7. The method as in claim 1, characterized in that said first radius of said male forming member for steps (a) and (b) is equal to or less than 3. 18 mm.

8. The method as in claim 1, characterized in that said first bending is carried out independently of said second bending by repeated and separated striking increments, said female forming members for said first and second striking increments having different cross-sectional female configurations, while'the male forming member is adjusted in size to maintain a predetermined gap between said members during both striking increments.

9. The method as in claim 3 or 8, characterized in that the difference in size of the male or female forming member is a reduction in size from the first striking increment, and the predetermined gap is determined by the space between the sides of the forming members parallel to the direction of striking.

10. The method as in claim 3 or 8, characterized in that the difference in size of the male or female forming member is an enlargement from the first striking increment, and the predetermined gap is determined by the space between the sides of the forming members transverse to the direction of striking.

11. The method as in claim 1, characterized in that said first and second striking increments are carried out during the same striking action, said female forming member having a mold cavity defined by walls tapered relative to the direction of striking to effect progressive and sequential bending in said sheet material about a plurality of bend loci while said male forming member is carried into said female forming member.

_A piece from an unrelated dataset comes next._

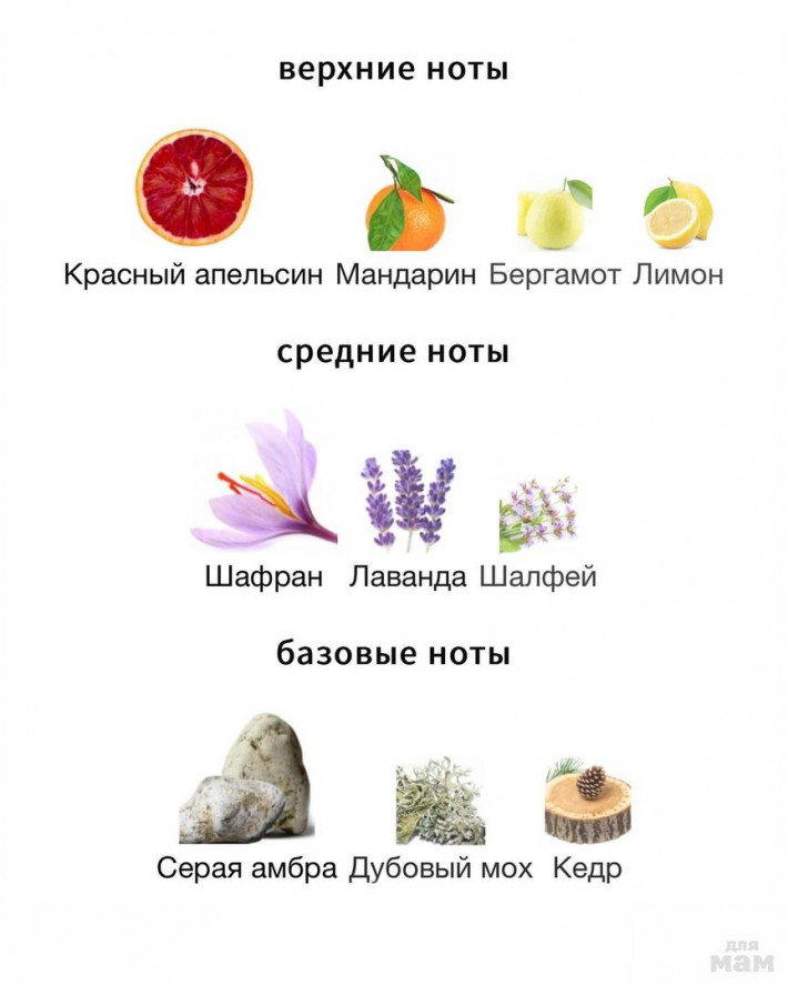 Композиция аромата включает в свой состав следующие базовые ноты : Красный апельсин, Кедр, Мандарин, Шафран, Лаванда, Лимон, Шалфей, Бергамот, Амбра, Дубовый мох

12. The method as in claim 11, characterized in that said cavity walls are inclined relative to said line of action by an amount in the range of 2-12°.

13. A Method of forming high strength, low alloy sheet steel, characterized by the following steps:

(a) striking said sheet steel with a punch member for movement into a female molding member, said punch member having spaced shoulders to form a pressed section with separated first bend radii;

(b) striking said pressed section with a second punch member again into said female molding member, said second punch member having shoulders spaced apart a distance less than the separation between the bend radii of said pressed section.

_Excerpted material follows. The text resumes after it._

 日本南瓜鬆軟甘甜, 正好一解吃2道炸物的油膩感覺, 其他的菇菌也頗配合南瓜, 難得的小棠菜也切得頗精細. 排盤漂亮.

14. The method as in claim 13, characterized in that said spacing between said shoulders of said second punch member is less than the spacing between the shoulders of said first punch member by an amount of 1. 27 mm to 6. 35 mm.

15. The method as in claim 12, characterized in that the gap between the portion of said members adjacent the first bend radii in said sheet metal during step (b) is controlled to maximize residual springback.

16. A method of correcting springbach resulting from the deformation of high strength, low alloy steel blanks at a bend radius, said method being characterized by progressively pressing said blank at first and second bend radii adjacent to each other.